#### Extracted entries:

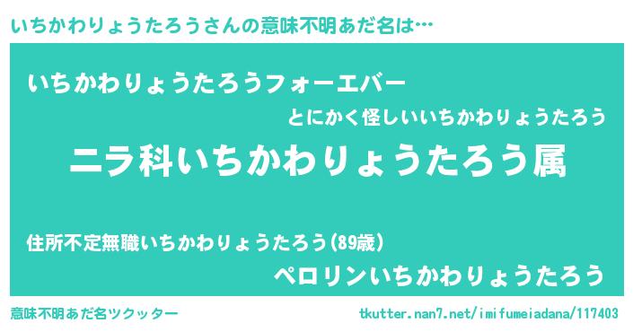 | 欧米人風あだ名 | 『アンジェラ・いちかわりょうたろう』 |
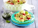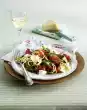 Fold in the tomato mixture and arrange on plates. Sprinkle with mozzarella and garnish with basil leaves.
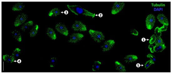 Successful outcome of tubulin staining in a mixed population of ciliate cells, including C. inflata (1), Lacrymaria olor (2), T. thermophila (3), C. hirtus (4), and C. uncinata (5). Scale bars = 50 μm. Reproduction from Ref. []. Used under Creative Commons CC-BY license.
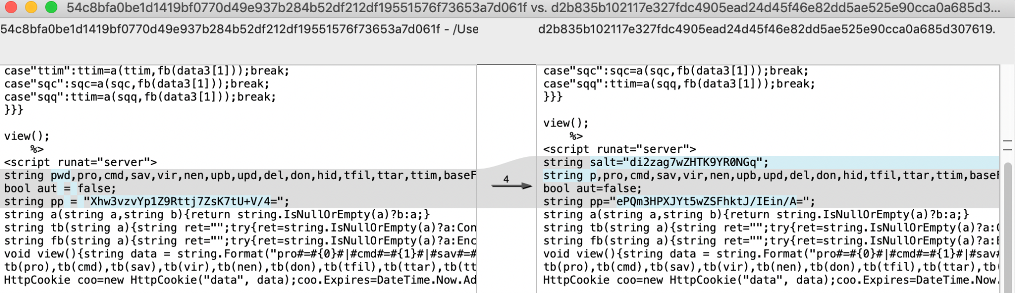 見た目の類似性を補うために、2つのWebシェルのコードを分析して、重複部分を特定しました。2つのWebシェルは、コードの大部分を共有しており、違っている部分のほとんどは変数名や関数名のわずかな違いだけでした。一番大きな違いは、HighShell v5.0 Webシェルには、認証用に攻撃者が設定したパスワードに適用するソルト値が追加されているという点です。図11では、左側のTwoFaceのペイロード(SHA256:54c8bfa0be1d1419bf0770d49e937b284b52df212df19551576f73653a7d061f)と右側のHighShell v5.0(SHA256:d2b835b102117e327fdc4905ead24d45f46e82dd5ae525e90cca0a685d307619)を比較しています。コードを比較すると、HighShellのコードにあるソルト変数(値は「di2zag7wZHTK9YR0NGq」)が、左側のTwoFaceのコードには存在しないことがわかります。
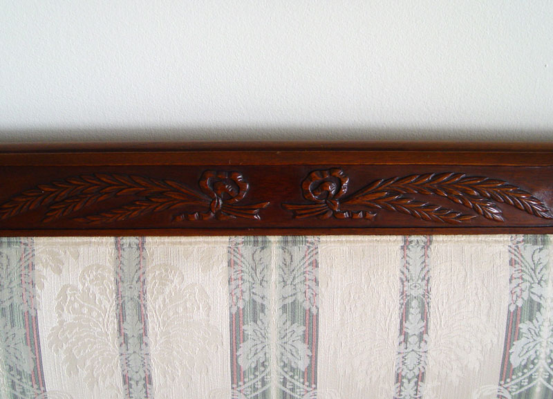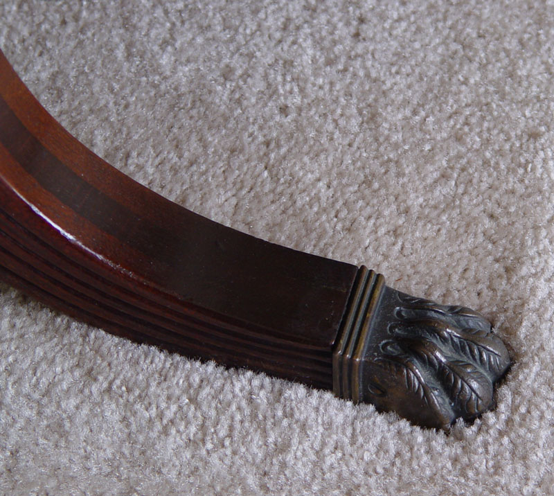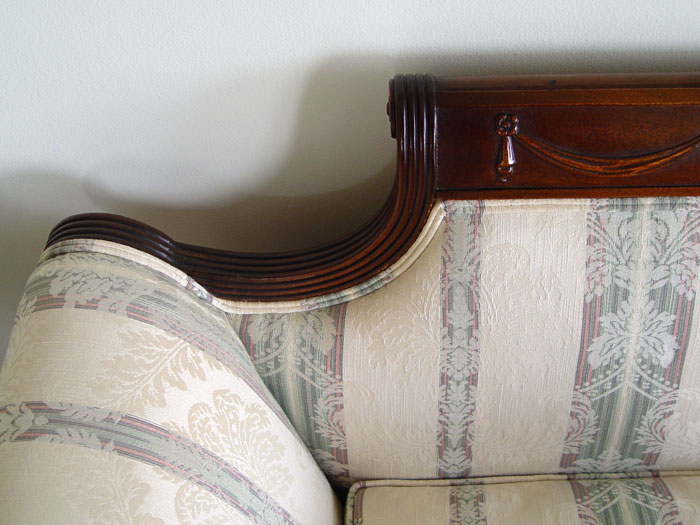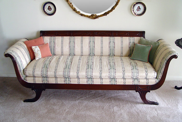SHERATON / EMPIRE SOFA: Transitional Sheraton style sofa with classic front and curved legs with brass capped foot in a Lion paw design. Later cream, teal and pink, striped brocade fabric. 86'' long, 29'' deep, 32'' tall.

#### Task item:
Give back exactly the lines from the opening of the listing through the line holding "Successful outcome of", both ends included, with every picture omitted.

#### Solution for this task:
 | 欧米人風あだ名 | 『アンジェラ・いちかわりょうたろう』 |
 Fold in the tomato mixture and arrange on plates. Sprinkle with mozzarella and garnish with basil leaves.
 Successful outcome of tubulin staining in a mixed population of ciliate cells, including C. inflata (1), Lacrymaria olor (2), T. thermophila (3), C. hirtus (4), and C. uncinata (5). Scale bars = 50 μm. Reproduction from Ref. []. Used under Creative Commons CC-BY license.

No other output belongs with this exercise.